Kyren Wilson sezona sağlam giriş yapan isimlerden biri. John Higgins’e elense de oyunu ve diğer
maçlarda aldığı skorlar ile gayet iyi görüntü verdi Kyren. Fakat bahsetmeden geçmemek lazım, artık
snooker camiası Kyren’dan çıtayı bir üst noktaya taşımasını bekliyor. Oyunun tüm departmanlarında
hayli yeterli olmasına rağmen “oyununu sivriltme ve domine etme” kısmında hâlâ sıkıntılı Kyren. Öte
yandan artık 31 yaşına geldi ve büyük maçlarda da oyunu dikte edebilen Kyren’ı görmeyi hepimiz
arzuluyoruz. Bu sezon onun için bu eşiği atlamak için bir fırsat olabilir. Nitekim iyi de girdi sezona.
Shaun Murphy de fena bir izlenim vermiyor geçen sene ve bu senenin başı itibariyle. Şahsen ondan
en az 1 sıralama turnuvası şampiyonluğu bekliyorum bu sezon. Hatta belki de bir Üçlü Taç Turnuvası
şampiyonluğu. Kendisi de sezon öncesi tahminlerde kendisinin Dünya Şampiyonu olacağını
düşündüğünü belirtti 2024 için. Bu özgüvene sahip olması dahi değerli.

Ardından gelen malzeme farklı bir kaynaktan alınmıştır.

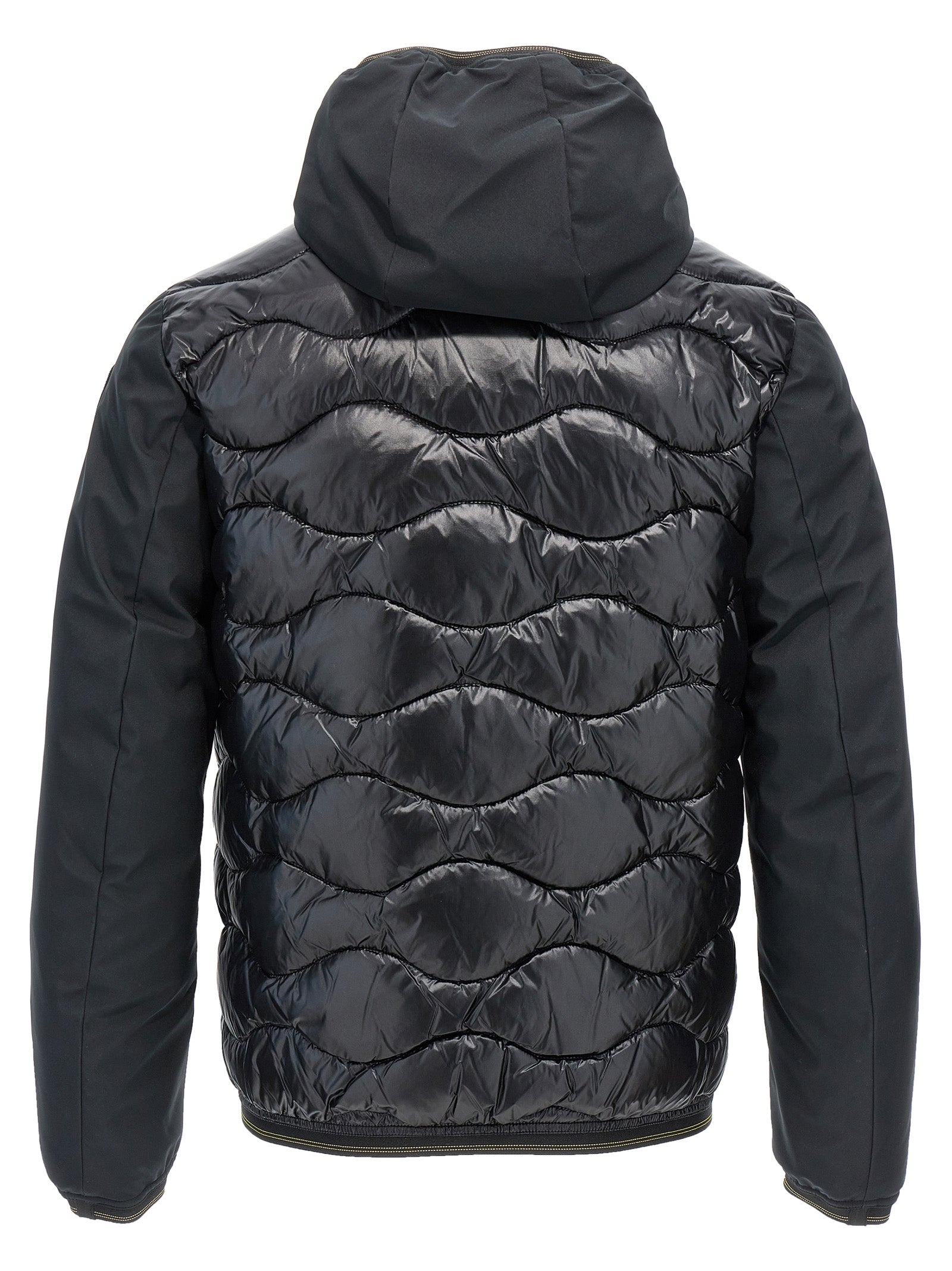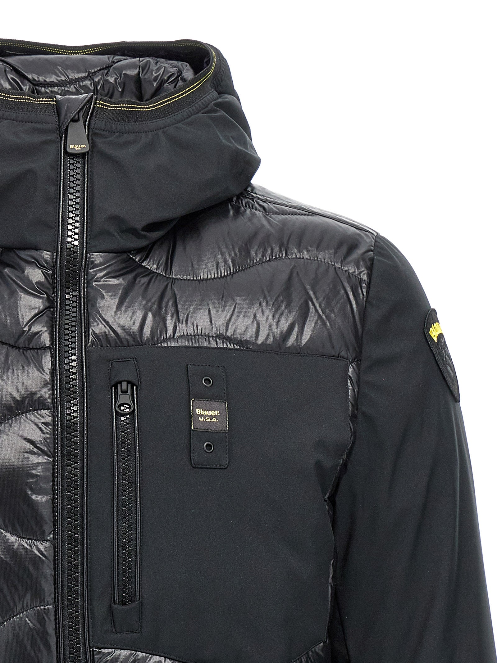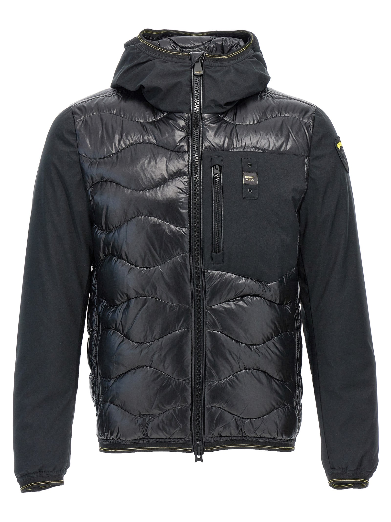 Gepolsterte Nylon -Down -Jacke, Taschenhaube und lange Ärmel mit Kontraststoffmanschetten, Logo -Applikationen am Ärmel, Reißverschluss, Taschen, Kontrastleitungen.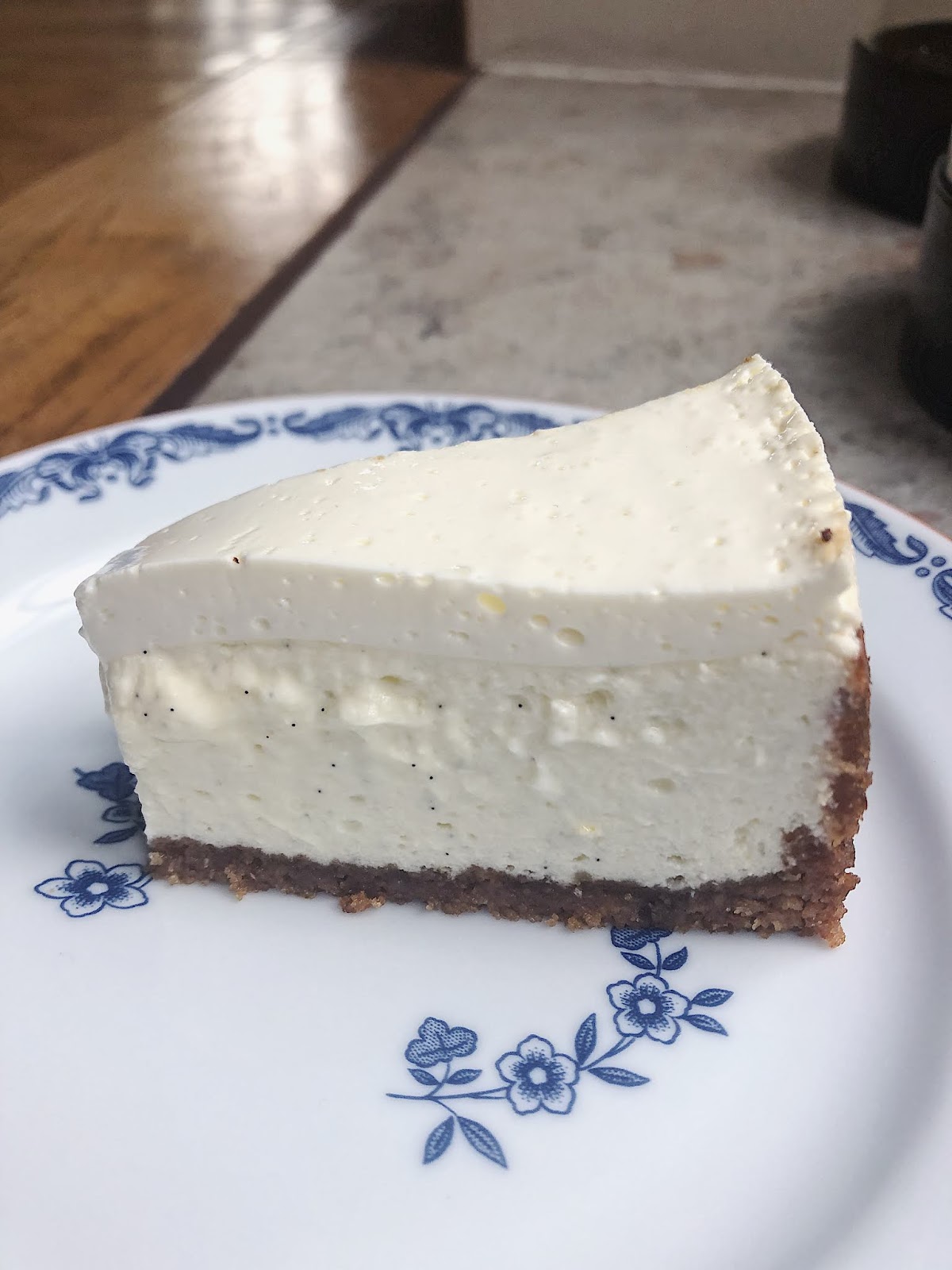 A very creamy cheese cake that is not too sweet, has a subtle lemon taste with bits of vanilla. It's prepared quickly, the only thing that takes longer are the waiting times in between prep steps.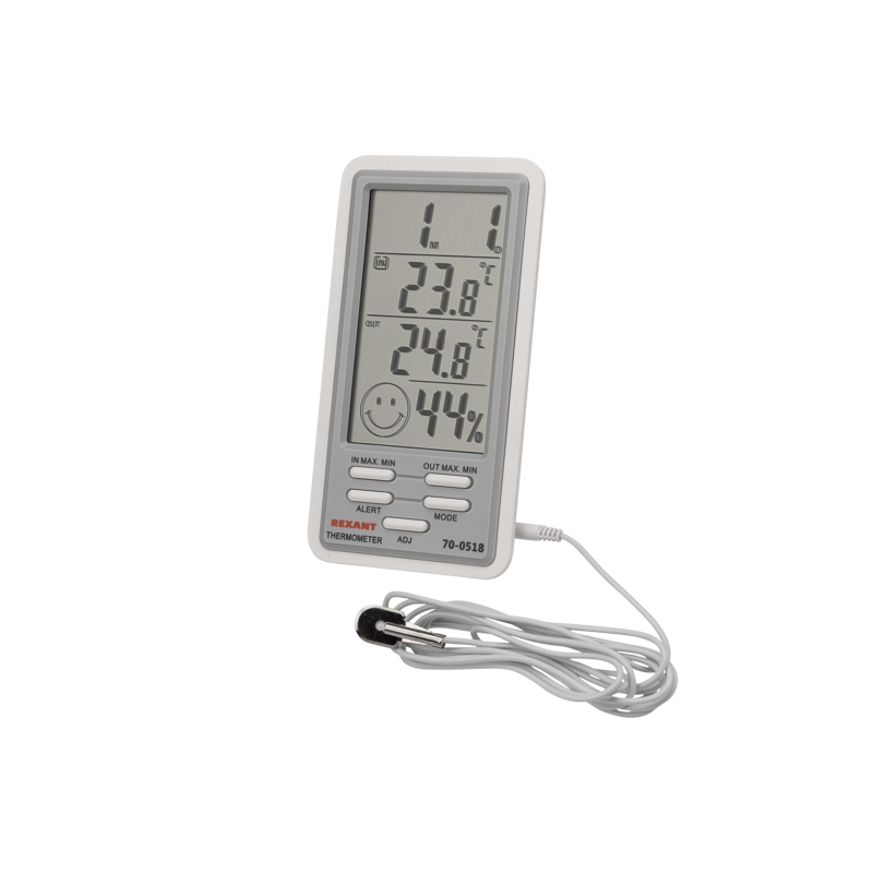 Комнатно-уличная метеостанция REXANT предназначена для измерения показаний температуры внутри и снаружи помещений, а также для измерения влажности в комнате.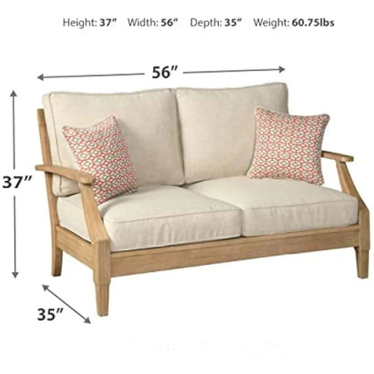 View Coastal Outdoor Loveseat – Eucalyptus Frame with Beige Cushions for Patio & Garden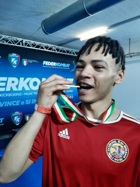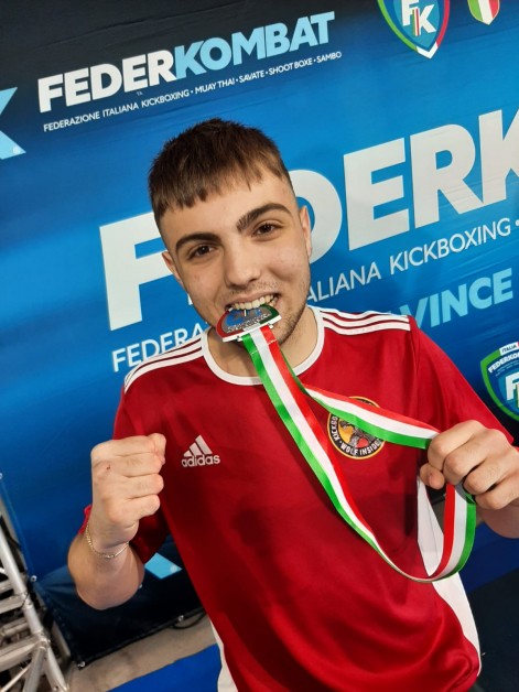 “E’ andata bene, mi ero allenato tantissimo per arrivare pronto a questo momento – ha detto il vice campione italiano Di Giovanni (nella foto sotto) –. Ringrazio il mio maestro e i compagni di squadra che mi stimolano ogni giorno. Tornerò in palestra per tornare l’anno prossimo: l’obiettivo ora è quello di arrivare a vincere il titolo. Per ora sono contento della mia prestazione e del secondo posto. Era la mia seconda uscita ufficiale sul ring, la prima volta ad un Campionato italiano. Per me ogni giorno è uno stimolo nuovo, una spinta per la mia crescita. La preparazione con il Maestro Bergamini è sempre eccellente. Dedico al team e alla mia famiglia questa medaglia”.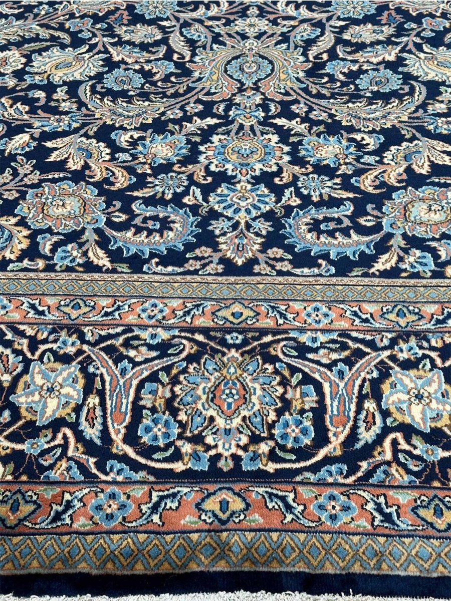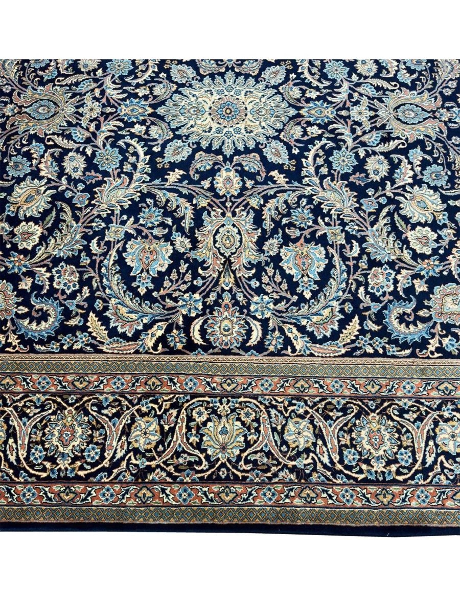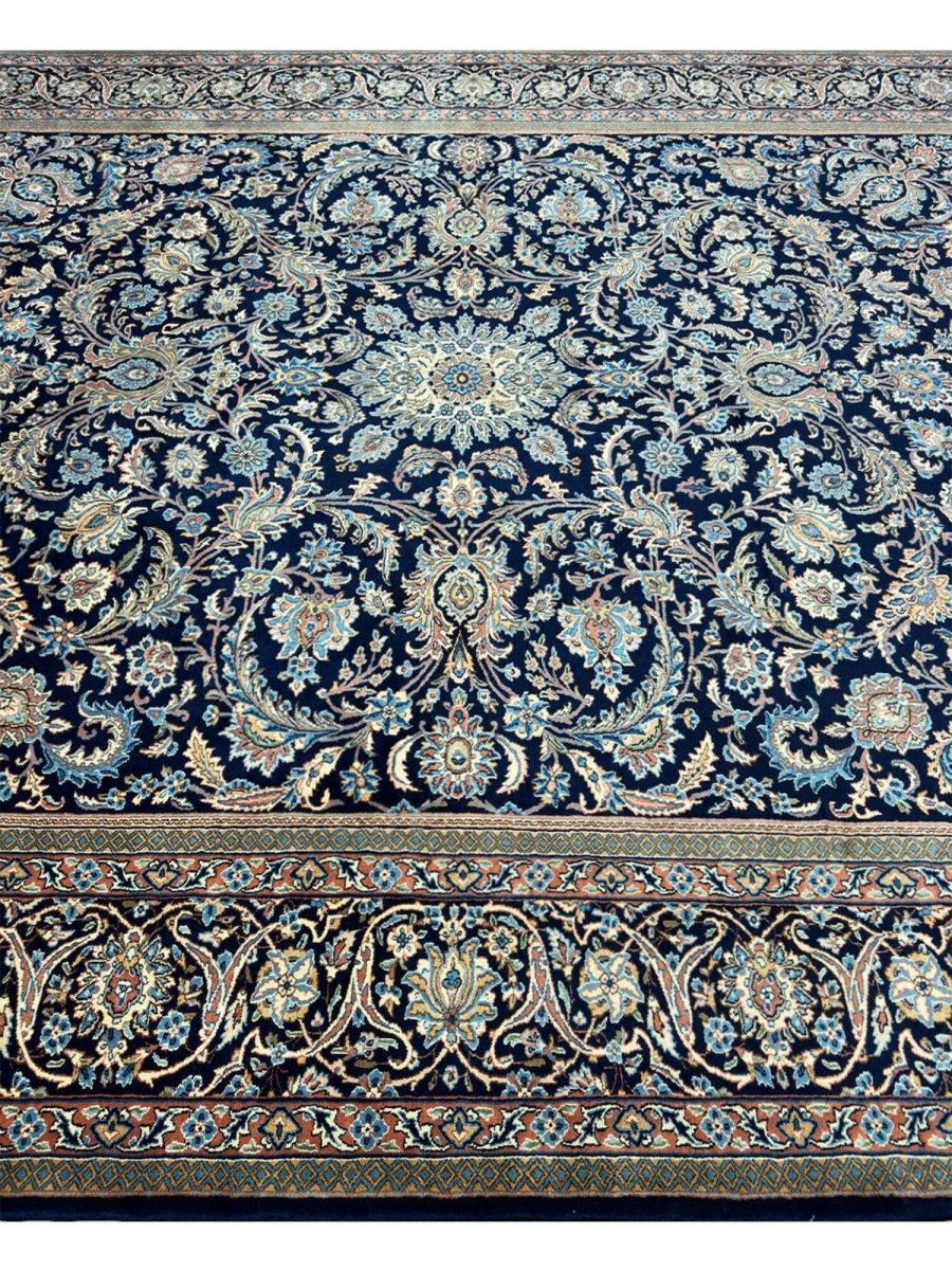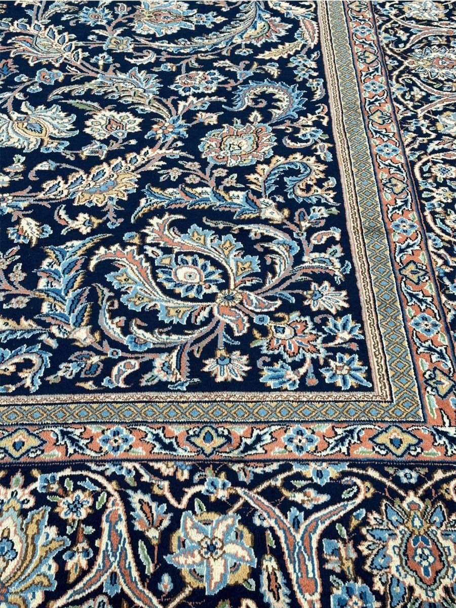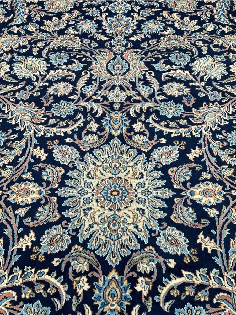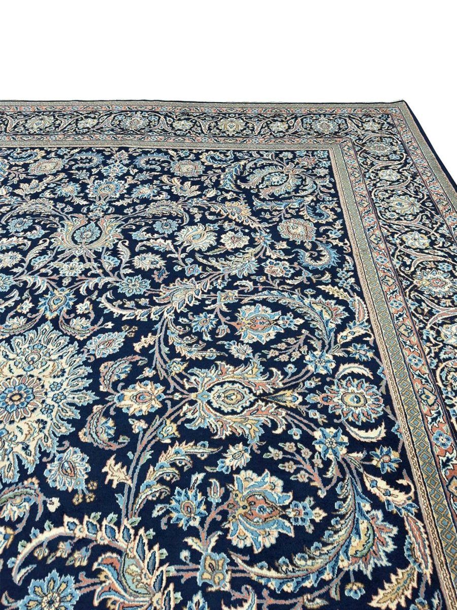Decorate your space with the striking beauty of this 10x13 Old Persian Mashad area rug. The magnificent rug is handmade in Persia from wool and showcases a commanding central medallion design within the all-over pattern. The background presents a beautiful, deep navy blue tone, providing the classic backdrop to the intricate design. The floral motifs have a color palette of brown, warm beige, light blue, and green. This generously sized piece is perfect for anchoring spacious bedrooms, living rooms, or dining areas. Crafted with traditional hand-making techniques, this wool rug offers enduring durability and a soft touch underfoot. Enjoy the convenience of free and fast delivery within the United States.

Mark Selby 2021’deki Dünya Şampiyonluğu sonrası geçirdiği psikolojik sorunlar sonucu yaşadığı fetret
devrini saygı duyulası şekilde atlatıp geçtiğimiz sezon Dünya Şampiyonası finali oynamıştı. Bu sezon
da kaldığı yerden iyi performansına devam ediyor gibi. Ama yine de üstünden geçersek iyi olur:
Framelerde hâlâ dominant bir psikolojik baskı oluştursa da rakiplerine Mark Selby, tam manada eski
seviyesine ulaşamadı 2021 sonrası dönemde. Uzayan framelerde anlık bir sekansla geri düşüp, kendi
rölantiye aldığı oyuna kimi zaman o da fazla takılıp yapmayacağı hatalar yapabiliyor. Fakat kendisinin
bu departmanda gelmiş geçmiş belki de en iyi olduğunu belirtmek lazım yine de. Hoş eski seviyesine
tam olarak ulaşamadı desek de Dünya Şampiyonası finalinde 16-10’luk skordan geri gelip 16-15
yaparken Luca Brecel’e nasıl ecel terleri attırdığına yakından şahit olmuştuk. Ben sezonun ilerleyen
dönemlerinde eski “robotik” Selby’yi göreceğimizi düşünüyorum.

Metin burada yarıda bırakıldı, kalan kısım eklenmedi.